Creating Smart Batches from 2,834 examples with batch size 24...

Tokenizing 2,834 samples...
  Tokenized 0 samples.
  Tokenized 300 samples.
  Tokenized 600 samples.
  Tokenized 900 samples.
  Tokenized 1,200 samples.
  Tokenized 1,500 samples.
  Tokenized 1,800 samples.
  Tokenized 2,100 samples.
  Tokenized 2,400 samples.
  Tokenized 2,700 samples.
DONE.
     2,834 samples

     2,834 samples after sorting

Creating batches of size 24...

  DONE - Selected 119 batches.

Padding out sequences within each batch...
  DONE.

Smart Batching with DataLoader, Collator, Sampler

이 섹션은 PyTorch DataLoader class를 사용하여 보다 formal한 방식으로 위의 smart batching을 구현합니다.

Components

함께 작업할 4개의 주요 component가 있습니다.

Dataset - sample과 그에 해당하는 label 저장
DataLoader - sample에 쉬운 접근이 가능하도록 Dataset 주위에 iterable을 wrapping
Sampler - data loading에 사용될 sequence의 index를 명시
Collator - sample list를 batch로 collate

import random
import numpy as np
import multiprocessing
import more_itertools

import torch
import torch.nn as nn
from torch.utils.data import Sampler, Dataset, DataLoader

SmartBatchingDataset은 excerpts를 토큰화하고 sequence로 변환하여 sample을 저장합니다.

class SmartBatchingDataset(Dataset):
    def __init__(self, df, tokenizer):
        super().__init__()
        self._data = (
            f"{tokenizer.bos_token} " + df.excerpt + f" {tokenizer.eos_token}" 
        ).apply(tokenizer.tokenize).apply(tokenizer.convert_tokens_to_ids).to_list()
        self._targets = None
        if 'target' in df.columns:
            self._targets = df.target.tolist()
        self.sampler = None

    def __len__(self):
        return len(self._data)

    def __getitem__(self, item):
        if self._targets is not None:
            return self._data[item], self._targets[item]
        else:
            return self._data[item]

    def get_dataloader(self, batch_size, max_len, pad_id):
        self.sampler = SmartBatchingSampler(
            data_source=self._data,
            batch_size=batch_size
        )
        collate_fn = SmartBatchingCollate(
            targets=self._targets,
            max_length=max_len,
            pad_token_id=pad_id
        )
        dataloader = DataLoader(
            dataset=self,
            batch_size=batch_size,
            sampler=self.sampler,
            collate_fn=collate_fn,
            num_workers=(multiprocessing.cpu_count()-1),
            pin_memory=True
        )
        return dataloader

SmartBatchingSampler는 sequence를 길이별로 정렬하고 “batch_size” 크기의 batch를 만들고, shuffle하고, 인덱스를 return합니다.
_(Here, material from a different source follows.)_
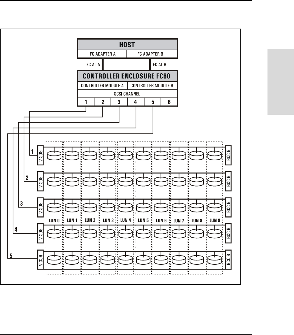 For high-availability, one disk per SCSI channel is used as a global hot spare.

class SmartBatchingSampler(Sampler):
    def __init__(self, data_source, batch_size):
        super().__init__(data_source)
        self.len = len(data_source)
        sample_lengths = [len(seq) for seq in data_source]
        argsort_inds = np.argsort(sample_lengths) # 정렬하는 index 반환
        self.batches = list(more_itertools.chunked(argsort_inds, n=batch_size)) # batch_size로 리스트를 나눠준다
        self._backsort_inds = None
    
    def __iter__(self):
        if self.batches:
            last_batch = self.batches.pop(-1)
            np.random.shuffle(self.batches)
            self.batches.append(last_batch)
        self._inds = list(more_itertools.flatten(self.batches))
        yield from self._inds

    def __len__(self):
        return self.len

    @property
    def backsort_inds(self):
        if self._backsort_inds is None:
            self._backsort_inds = np.argsort(self._inds)
        return self._backsort_inds

SmartBatchingCollate는 가장 높은 sequence 길이까지 padding을 추가하고, batch에서 각 sample의 attention mask와 target을 만듭니다.
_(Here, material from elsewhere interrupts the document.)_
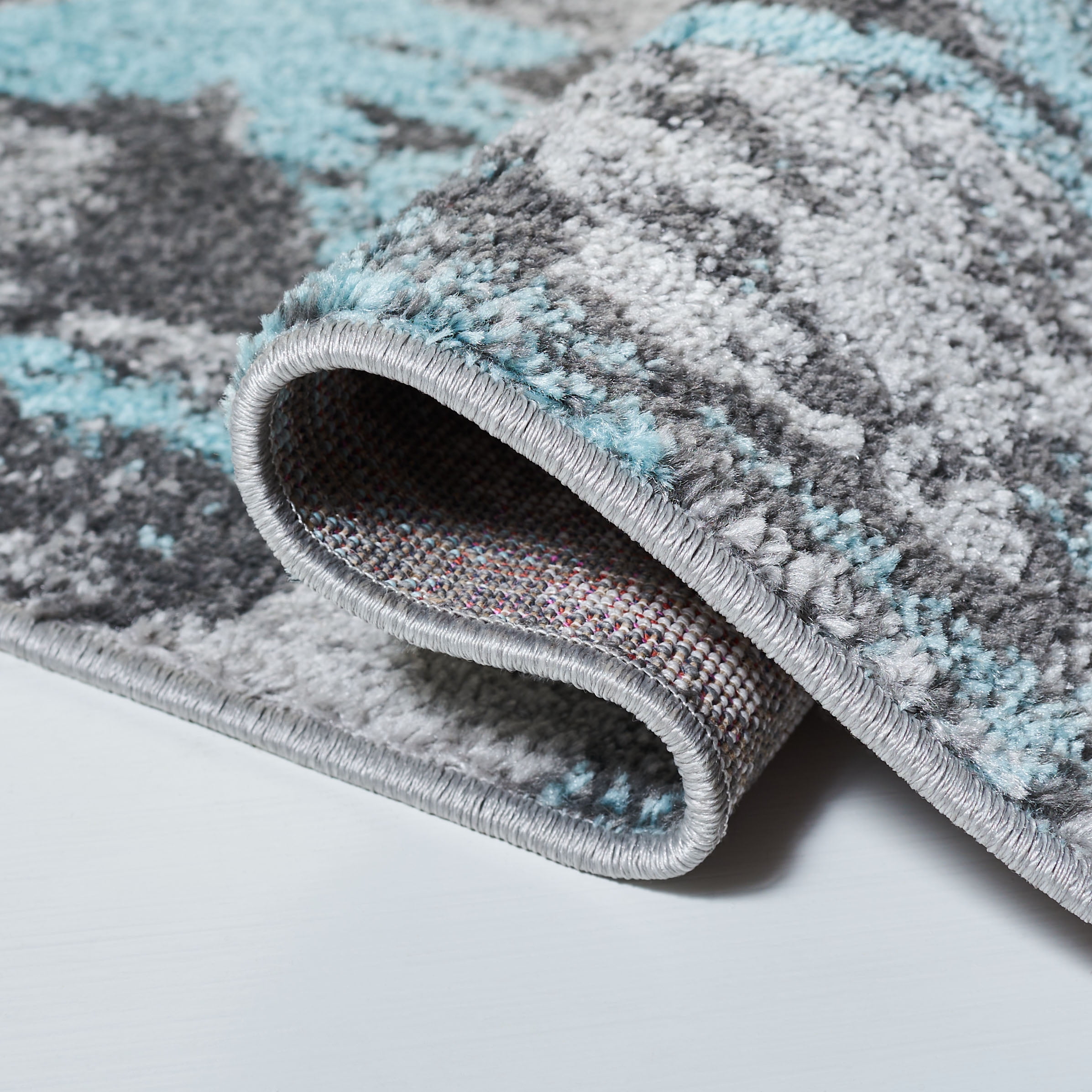 Color: Turquoise/Grey Size: 10′ x 10′ Round Power Loomed in Turkey Pile Height: 0.5 in. Polypropylene Backing contains jute , rug pad (sold separately) recommended to help prevent shifting and sliding Indoor Use Accessories in lifestyle photos not included Vacuum regularly (preferably one without beater bars) and spot clean; for hard-to-remove stains, professional rug cleaning is recommended; rotating your rugs every 3-6 months will protect against uneven wear from foot traffic and furniture weight Use rug protectors under the legs of heavy furniture to avoid flattening piles Avoid direct sunlight as it will cause the colors in your area rug to fade over time; place your area rug away from direct sunlight whenever possible For an instant decorating makeover, this area rug is one of the easiest and most fashionable ways to refresh a room with character and style. Please note: The images and product dimensions on our website are as accurate as possible. Due to differences in computer monitors, some rug colors may vary slightly. Lengths and widths may vary from the published dimensions. We do our best to provide you with an exact measurement, but please be advised that some variation exists. Patterns may vary slightly according to shape and size selected. Packing and shipping of your rug may cause temporary creases; these surface waves are not imperfections or damages and will gradually recede; back-rolling or reverse rolling is the fastest and easiest way to remove creases in your area rug; allow ample time for your rug to settle, these creases and waves will normally flatten out Available in multiple sizes For carpet-to-carpet use, we recommend placing a hold pad in-between for protection

class SmartBatchingCollate:
    def __init__(self, targets, max_length, pad_token_id):
        self._targets = targets
        self._max_length = max_length
        self._pad_token_id = pad_token_id

    def __call__(self, batch):
        if self._targets is not None:
            sequences, targets = list(zip(*batch))
        else:
            sequences = list(batch)
        
        input_ids, attention_mask = self.pad_sequence(
            sequences,
            max_sequence_length=self._max_length,
            pad_token_id=self._pad_token_id
        )
        
        if self._targets is not None:
            output = input_ids, attention_mask, torch.tensor(targets)
        else:
            output = input_ids, attention_mask
        return output

    def pad_sequence(self, sequence_batch, max_sequence_length, pad_token_id):
        max_batch_len = max(len(sequence) for sequence in sequence_batch)
        max_len = min(max_batch_len, max_sequence_length)
        padded_sequences, attention_masks = [[] for i in range(2)]
        attend, no_attend = 1, 0
        for sequence in sequence_batch:
            # As discussed above, truncate if exceeds max_len
            new_sequence = list(sequence[:max_len])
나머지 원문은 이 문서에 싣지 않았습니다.